CommunityScrapers
CommunityScrapers copied to clipboard
Improve Model searching for Pornhub
Hey, i have noticed, that various Models on Pornhub are not found. This is due to the fact, that the original Pornhub.yml file uses this endpoint to search for models "https://www.pornhub.org/pornstars/search?search={}". This doesnt show all Models, just ones that are listed as pornstars. There are also users, who are uploading stuff, but not listedd as pornstars. By trying out, i found "Lana Bee" for example.
Though i have found out, that this endpoint gives back correctly the user "https://www.pornhub.org/user/search?username={}"
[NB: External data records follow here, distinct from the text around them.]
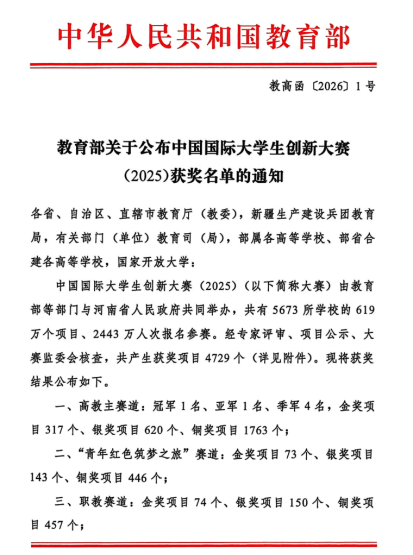中国国际大学生创新大赛是由教育部等12个中央部委与省级政府联合主办的国家级创新创业赛事,也是国际影响力最大的大学生创新创业大赛之一。本届大赛共吸引来自161个国家和地区的619万个项目报名参赛,参赛人次高达2443万。我校在本次大赛中报名参赛数量达6360项,7个项目入围“金种子”项目训练营,最终6个项目在全国赛场脱颖而出斩获铜奖。
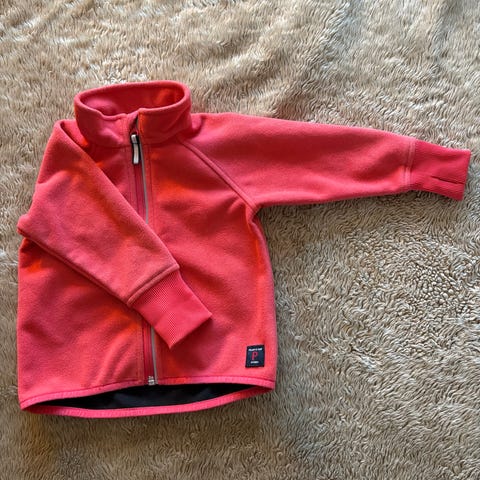 Polarn O. Pyret fleecejakke i størrelse 74 for jente. Jakken er rosa i farge.
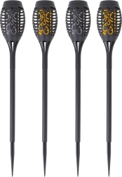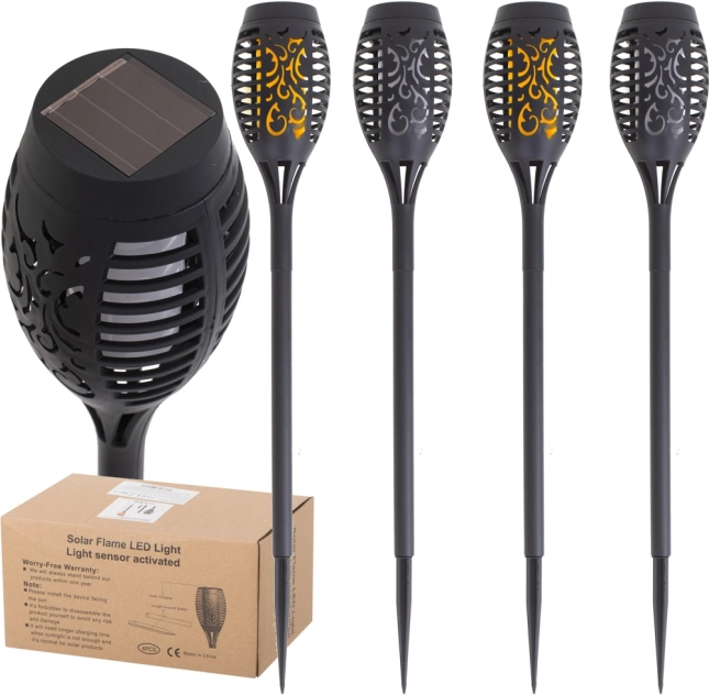 Stwórz w ogrodzie magiczną atmosferę dzięki zestawowi czterech solarnych lamp pochodniowych. Każda lampa ma 12 diod LED, które tworzą efekt migoczącego płomienia i automatycznie włączają się po zmroku. Zasilanie solarne bez kabli, łatwy montaż w ziemi oraz ciepłe, dekoracyjne światło do ścieżek, rabat i altan.
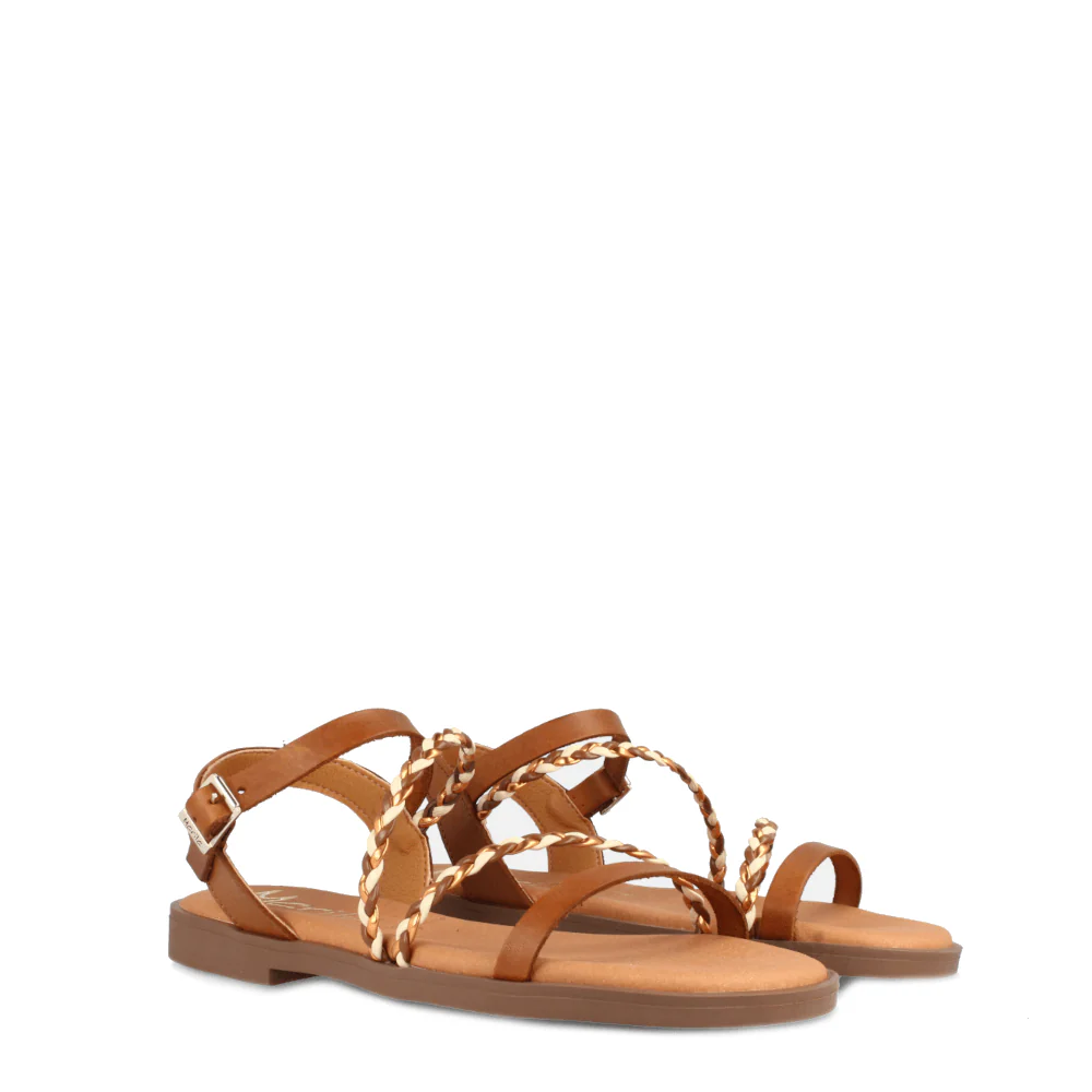 Zoek je de perfecte uitbreiding van je zomerse garderobe? De Marila Riga Cognac sandalen zijn precies wat je nodig hebt! Deze platte sandalen voor dames zijn vervaardigd uit hoogwaardig rundleer en bieden een ongeëvenaard comfort. Met hun unieke ontwerp van hazelnootleren linten, verbonden door een witte en hazelnootkleurige vlecht, vangen ze moeiteloos de essentie van het zomerseizoen. De verstelbare gespsluiting zorgt voor een perfecte pasvorm, terwijl de zichtbare hiel een vleugje elegantie toevoegt. Laat je voeten genieten van de luxe van een 5 mm dikke gevoerde binnenzool die elke stap dempt.
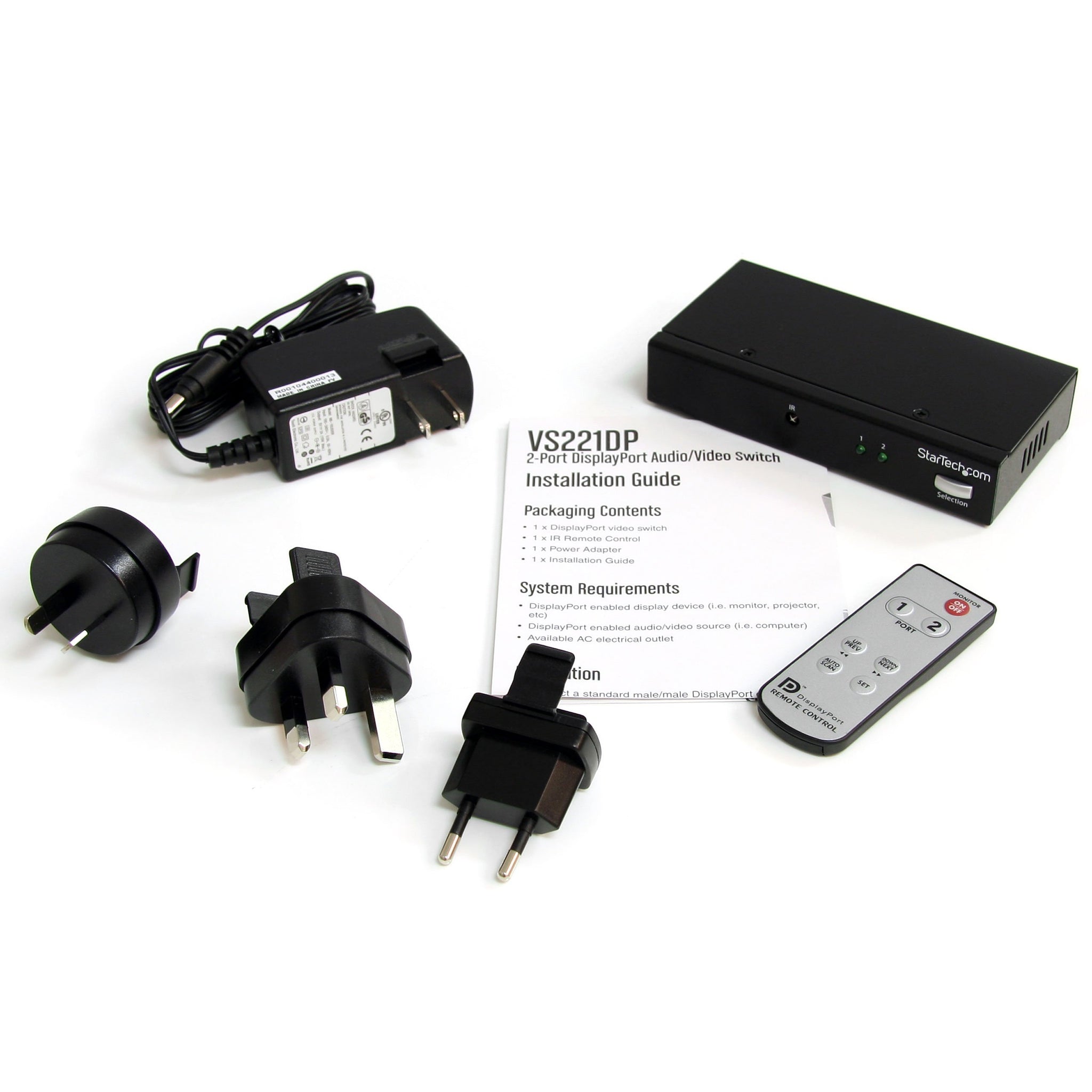 StarTech.com 2 Port DisplayPort Video Switch with Audio & IR Remote Control (VS221DP)
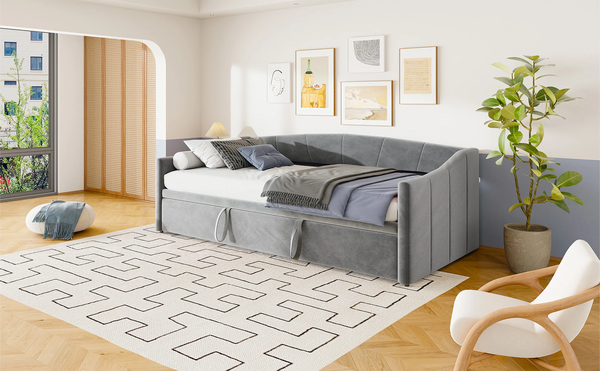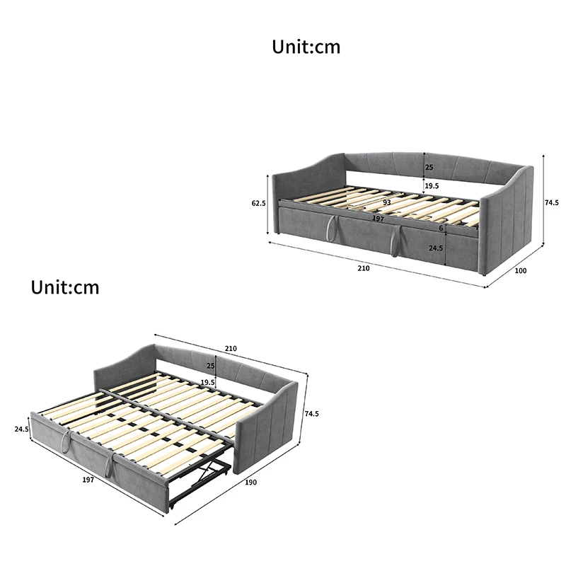Выдвижной диван-кровать Anajqaqia, серая бархатная ткань, многофункциональная кровать 90/180 х 200 см, с решетчатым каркасом
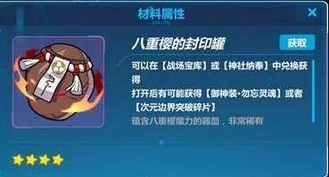 次元的产出方式是八重樱的封印罐。封印罐开出勿忘碎片的几率要大不少,次元碎片的产出效率较低。
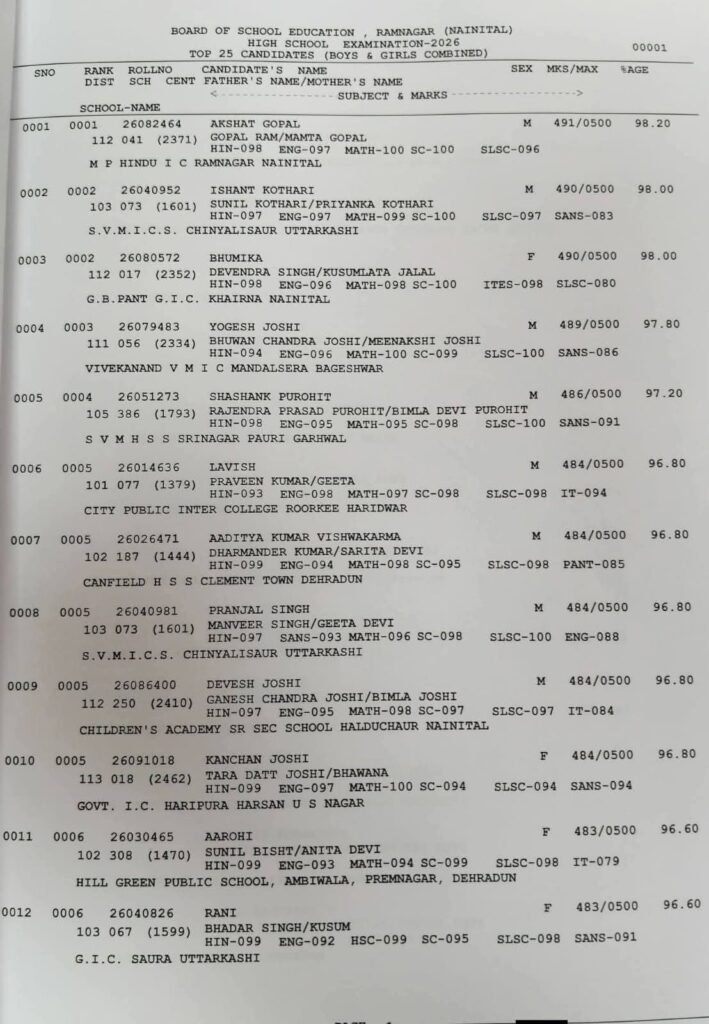 #रामनगर के #अक्षत_गोपाल ने #उत्तराखंड_बोर्ड में 10वीं क्लास में 98.20% के साथ टॉप किया ! चर्चाओं में रहने वाले MPHIC ने इस बार नाम रोशन चर्चा में ला दिया है अक्षत गोपाल ने ! बिना ट्यूशन के घर में पढ़ाई करके टॉप किया !साथ में टॉप छात्रों की सूची !#हाईस्कूल_परिणामकुल विद्यार्थी 92.10%, छात्र – 88.03%, छात्राएं – 96.07% #इंटरमीडिएट_परिणाम कुल विद्यार्थी– 85.11% छात्र – 81.93%छात्राएं – 88.09%#इंटरमीडिएट में गीतिका पंत (बागेश्वर) और सुशीला मेहंदीरेट्टा (काशीपुर) ने 98% अंक लेकर संयुक्त रूप से टॉप किया।#UttarakhandBoardResult #UKBoardResult2026 #रामनगर #उत्तराखंड #AtomBombNews #BoardResult #BreakingNews#uttarakhandBoard #news
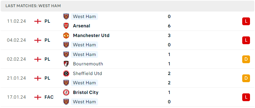 Phía bên kia, một cái tên khác cũng đang sa sút đến mức mất kiểm soát là West Ham, thống kê cho thấy kể từ đầu năm 2024 tập thể Tây London đã toàn hòa và thua trong cả 7 lần ra sân mới nhất. Đáng nói, trong 2 thất bại mới nhất của Búa Tạ thì họ đã nhận về đến 9 bàn thua và chưa mang về bất kỳ bàn thắng nào. Từng được đánh giá là “chú ngựa ô” sẵn sàng bứt phá top 4 nhưng càng thi đấu West Ham càng lộ ra nhiều vấn đề. Chạm trán Nottingham sẽ là cơ hội tốt để họ trở lại.
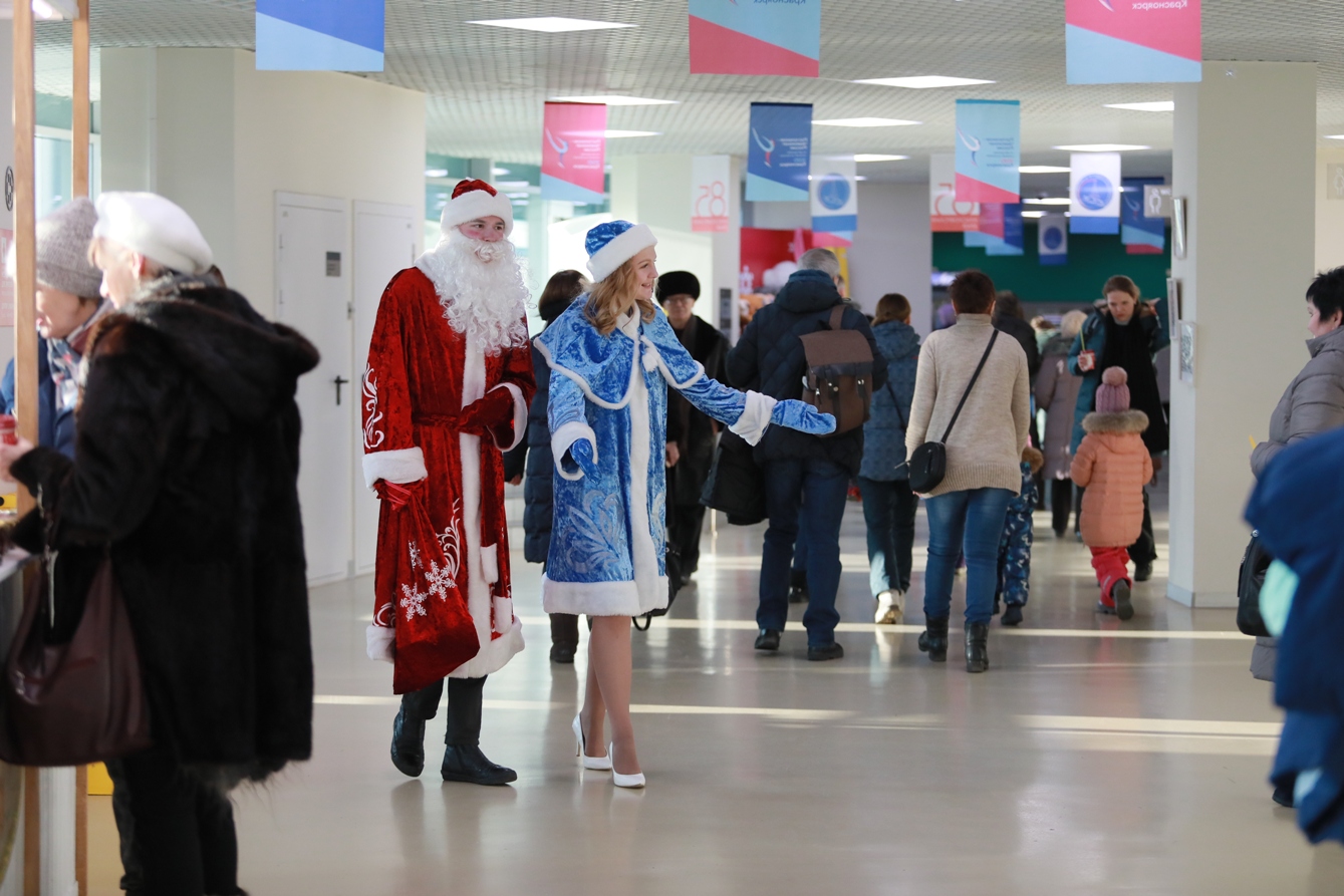 И немного про развлечения для болельщиков. Можно побывать на выставке об истории фигурного катания Красноярского края, сфотографироваться в фотозонах, их несколько. Плюс прекрасный вид из окон на одну из величайших рек мира, Енисей-батюшку.
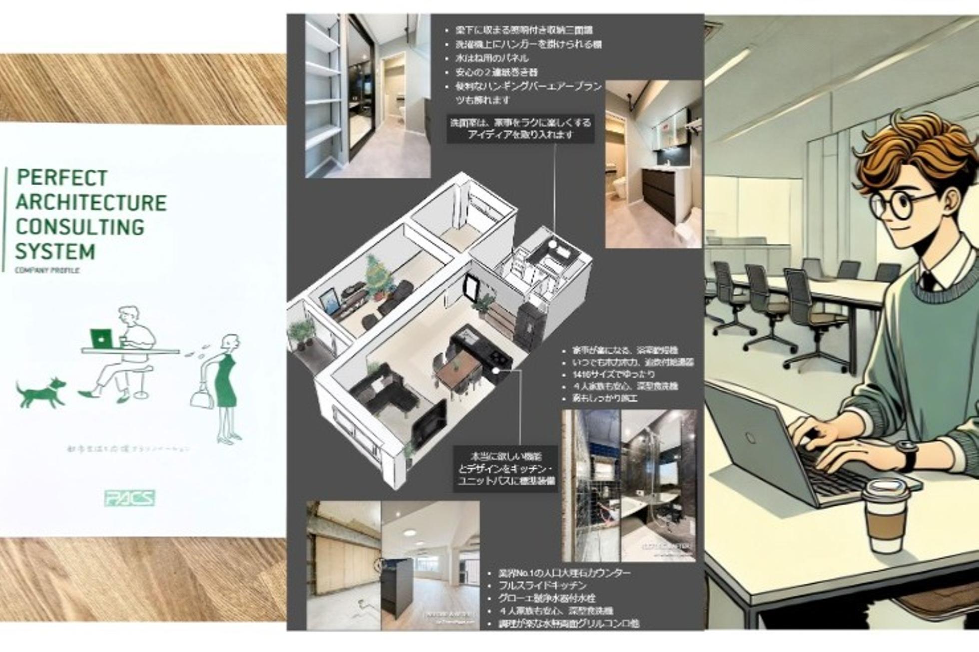 パックシステムでは、既存のビジネスに捕らわれない、新しいスタイルを考えます。業務としては、自社でマンションを仕入れ、自社で設計施工し販売するという一般的な買取再販ビジネスをしています。その中で、完成前から商品を紹介できるCGを作成したり、工事では近隣の方への騒音を配慮したプレカット施工の研究をしたり、プレカットの為の室内測量の仕組みやソフトを開発したりしています。このような様々な活動をより多くの方に、分かり易くお伝えしたいと考えます。

So there needs some improvement. I thought i could add this myself by changing the first few lines to this:
name: Pornhub
performerByName:
- action: scrapeXPath
queryURL: https://www.pornhub.com/pornstars/search?search={}
scraper: performerSearch
- action: scrapeXPath
queryURL: https://www.pornhub.org/user/search?username={}
scraper: modelSearch
but apparentely, the scraper doesnt handle lists very well (it doesnt at all actually, just throws a bunch of unmarshal errors). So there needs another way to add the second one
Edit: I have opened this as an enhancement, but it might also be a bug. I am not sure
The search should look something like this:
modelSearch:
performer:
Name: //span[@class="usernameBadgesWrapper"]/a[@class="usernameLink"]/text()
URL:
selector: //span[@class="usernameBadgesWrapper"]/a[@class="usernameLink"]/@href
postProcess:
- replace:
- regex: ^
with: "https://www.pornhub.org"
Though i am unable to get this to work, as "performerByName" only accepts one action, queryURL and scraper
Also here it would be good to change the behaviour of scraping scenes on pornhub. If i search a scene with a user, rather than a performer, the user is added as a studio, rather than a performer. This is wrong
but apparentely, the scraper doesnt handle lists very well (it doesnt at all actually, just throws a bunch of unmarshal errors). So there needs another way to add the second one
Scrapers currently only support one search per type, so we'll have to choose between pornstar and model: personally I lean towards model since that's probably what users go to Pornhub for and more mainstream pornstars can be scraped from other sources
Also here it would be good to change the behaviour of scraping scenes on pornhub. If i search a scene with a user, rather than a performer, the user is added as a studio, rather than a performer. This is wrong
Can you expand on this, perhaps with an example URL?
Also here it would be good to change the behaviour of scraping scenes on pornhub. If i search a scene with a user, rather than a performer, the user is added as a studio, rather than a performer. This is wrong
studio is technically correct, there is a performers box that just isn't used and that's how it's handled on StashDB.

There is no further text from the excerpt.